# downpipes with Magnaflow



## ERIC60 (May 14, 2017)

I finally bought a complete line 15893 (2,5")from Magnaflow to fit on my GTO 65;
my problem is that after the inlet pipes extensions, its impossible to make the junction with the manifold, since it's not aligned anymore and anyway my original tubing is in 2,25";
so I need to buy a pair of downpipes to go up to the manifold; my concern is that the ones I have seen so far (Pypes, Flowmaster) are straight and identical and the right tubing goes underneath the oil filter and not around like now on my original tubing; 
is the filter the same size or do I need to change for a smaller one? and why Magnaflow does not sale the complete line, including the downpipes since they are essential?!!
I'm now stuck in the middle of this job with a brand new exhaust line in the trunk, waiting for a solution;
does anyone have already fitted a 15893 line on a 65 GTO?
please help!!:crying:


----------



## john23 (Mar 6, 2016)

hi Eric...i have a 65 with a larger system on it...my pipes also go under the oil filter as you described...there used to be available taller and shorter oil filters for pontiacs...the taller filters have been mostly phased out...go with the shorter filter ...the pipes will pass beneath it...changing oil filters becomes a bit of a contortion...you might have to experiment with different wrenches, jacking the car higher, etc....and get used to bathing your exhaust in spilled oil which, no matter how hard you wash it, will collect in inaccessible places and burn off when you start the engine, simulating a western forest fire under the hood...in fact, with my set up, the oil filter must be turned on its side to be removed which is a merry oil bath for your exhaust system and your forearm...good luck


----------



## john23 (Mar 6, 2016)

*update on 65 down pipes*



john23 said:


> hi Eric...i have a 65 with a larger system on it...my pipes also go under the oil filter as you described...there used to be available taller and shorter oil filters for pontiacs...the taller filters have been mostly phased out...go with the shorter filter ...the pipes will pass beneath it...changing oil filters becomes a bit of a contortion...you might have to experiment with different wrenches, jacking the car higher, etc....and get used to bathing your exhaust in spilled oil which, no matter how hard you wash it, will collect in inaccessible places and burn off when you start the engine, simulating a western forest fire under the hood...in fact, with my set up, the oil filter must be turned on its side to be removed which is a merry oil bath for your exhaust system and your forearm...good luck


Eric Yikes, i forgot something....i don't have the 389 in my 65 anymore, rather a later model block....i seem to remember changing the oil tower to fit the later block, but i am not sure if it is different than the 65 oil tower....my comment may only be valid for a 65 with a later engine in it...sorry about the confusion....


----------



## ERIC60 (May 14, 2017)

thanks John for reply;
the filter I have currently is a WIX SO 643 and it's 4" high;
I will check on ebay if it I find a shorter one before to carry on on my exhaust job!
but anyway, I don't understand why Magnaflow does not sale the downpipes together with the exhaust line; moreover, they don't sell them at all;
I will have to buy from Pypes!


----------



## zrsteve (Aug 28, 2014)

Contact Ram Air Restorations. I put these on my 65 with a 389 and no issues with the WIX 51049 oil filter:

www.ramairrestoration.com/ssp-6-pair-of-short-mandrel-splice-pipes.html


----------



## Goat Roper (Oct 28, 2014)

I have the Pypes system with Magnsflows hanging on the wall in my garage, when I pulled the engine to rebuild it I ordered a factory reproduction system from Gardner Exhaust.
My '67 came with HO manifolds so I had to order the 3 bolt down pipes.
It took about 2 1/2 hours to install.
Here is what your exhaust looked like when it came from the factory.

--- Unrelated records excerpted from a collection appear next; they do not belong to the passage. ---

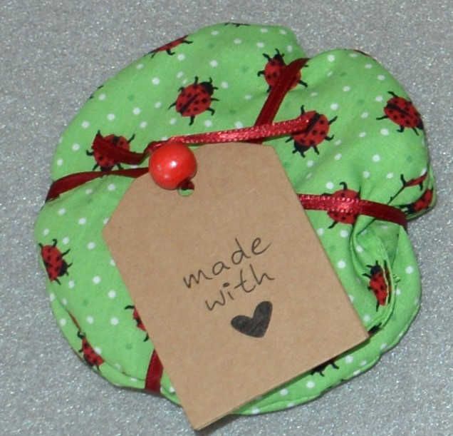 Diese Taschenwärmer (ein Paar) im Design für Kinder  sind rund (ca. 8,5 cm Durchmesser) und haben eine Getreidefüllung (Roggen, ca. 40 Gr. je Stück).
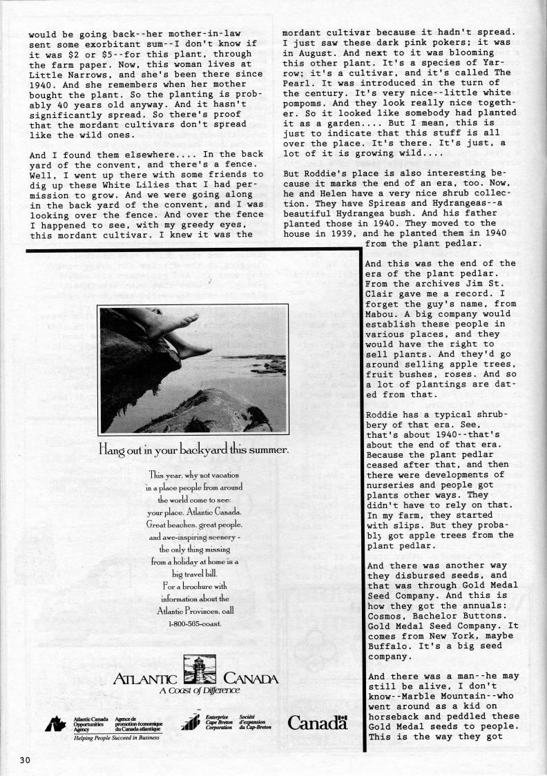 Published by Ronald Caplan on 1993/6/1 (274 reads)would be going back--her mother-in-law sent some exorbitant sum--I don't know if it was $2 or $5--for this plant, through the farm paper. Now, this woman lives at Little Narrows, and she's been there since 1940. And she remembers when her mother bought the plant. So the planting is prob? ably 40 years old anyway. And it hasn't significantly spread. So there's proof that the mordant cultivars don't spread like the wild ones. And I found them elsewhere.... In the back yard of the convent, and there's a fence. Well, I went up there with some friends to dig up these White Lilies that I had per? mission to grow. And we were going along in the back yard of the convent, and I was looking over the fence. And over the fence I happened to see, with my greedy eyes, this mordant cultivar. I knew it was the mordant cultivar because it hadn't spread. I just saw these dark pink pokers; it was in August. And next to it was blooming this other plant. It's a species of Yar? row; it's a cultivar, and it's called The Pearl. It was introduced in the turn of the century. It's very nice--little white pompoms. And they look really nice togeth? er. So it looked like somebody had planted it as a garden.... But I mean, this is just to indicate that this stuff is all over the place. It's there. It's just, a lot of it is growing wild.... But Roddie's place is also interesting be? cause it marks the end of an era, too. Now, he and Helen have a very nice shrub collec? tion. They have Spireas and Hydrangeas--a beautiful Hydrangea bush. And his father planted those in 1940. They moved to the house in 1939, and he planted them in 1940 from the plant pedlar. ilang out m your iDackyard this summer. 1 ms year, wny not vacation in a place people irom around tke world come to see: your place. Atlantic (janada. (jreat beaches, great people, and awe-inspirmg scenery - tke only tkmg missing irom a holiday at kome is a mg travel bill. lor a brockure with mlormation atout the Atlantic rrovmces, call 1-800-565-coast. Atlantic 'E Canada A Cocst of Difference Atlantic Canada Agencede Opportunities promotion ec(Hioinii]iie Agency du Canada adantique Helping People Succeed in Business ??Jf Enterprise Societe B(l Cape Breton d'emansion W Corporation du Qgt-Breton Canada And this was the end of the era of the plant pedlar. From the archives Jim St. Clair gave me a record. I forget the guy's name, from Mabou. A big company would establish these people in various places, and they would have the right to sell plants. And they'd go around selling apple trees, fruit bushes, roses. And so a lot of plantings are dat? ed from that. Roddie has a typical shrub? bery of that era. See, that's about 1940--that's about the end of that era. Because the plant pedlar ceased after that, and then there were developments of nurseries and people got plants other ways. They didn't have to rely on that. In my farm, they started with slips. But they proba? bly got apple trees from the plant pedlar. And there was another way they disbursed seeds, and that was through Gold Medal Seed Company. And this is how they got the annuals: Cosmos, Bachelor Buttons. Gold Medal Seed Company. It comes from New York, maybe Buffalo. It's a big seed company. And there was a man--he may still be alive, I don't know--Marble Mountain--who went around as a kid on horseback and peddled these Gold Medal seeds to people. This is the way they got
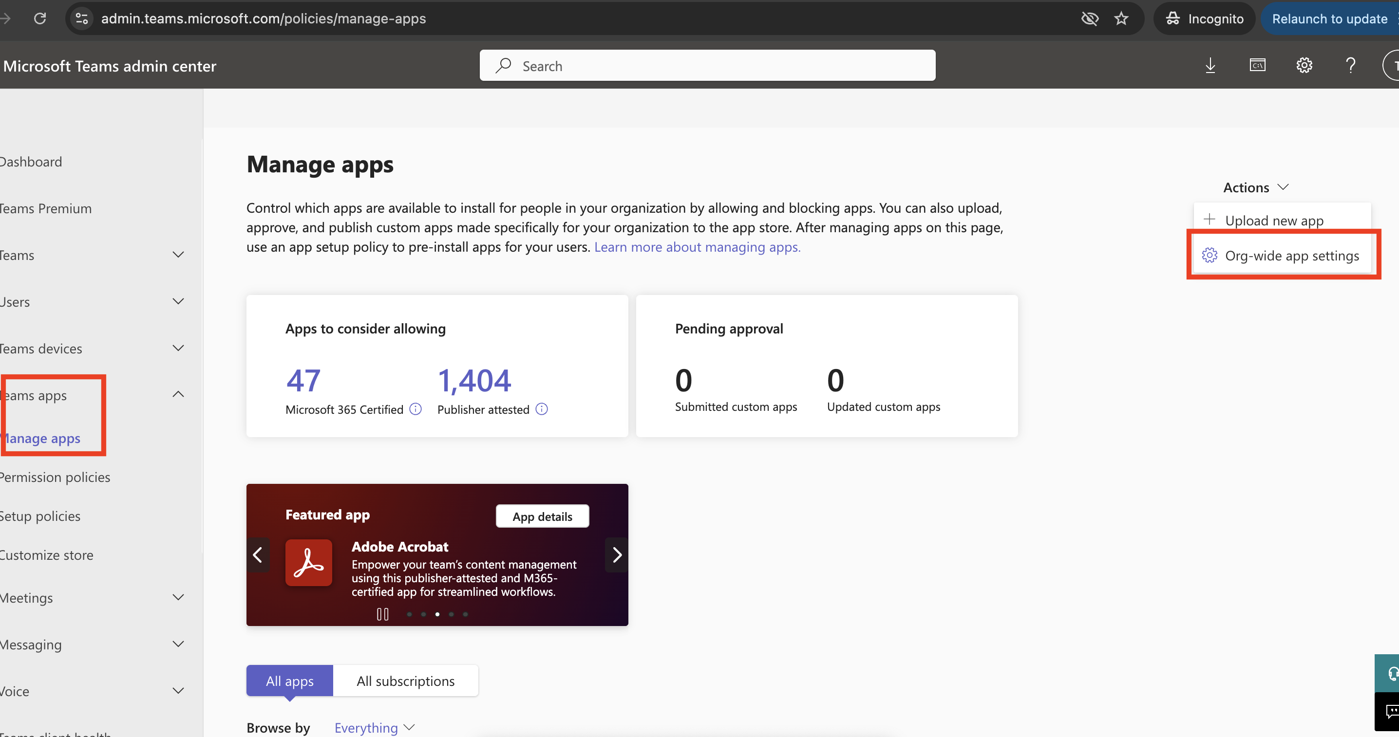 Teams apps >Manage apps

1965 GTO Exhaust Systems - Gardner Exhaust Systems - 1965 GTO Exhaust Sytems by Gardner

You can contact Eric and see if you can just order the down pipes.


----------



## ERIC60 (May 14, 2017)

yes, I had seen them already, but too late! I had bought already my Magnaflow in France;
my problem is to try to find locally parts;
the french customs charge 20% vat on total cost, including shipping cost!!!(swindlers!)
all I hope is that the Pypes downpipes will fit with my Magnaflow, since it would be expensive to send it back, when it's possible with ebay!


----------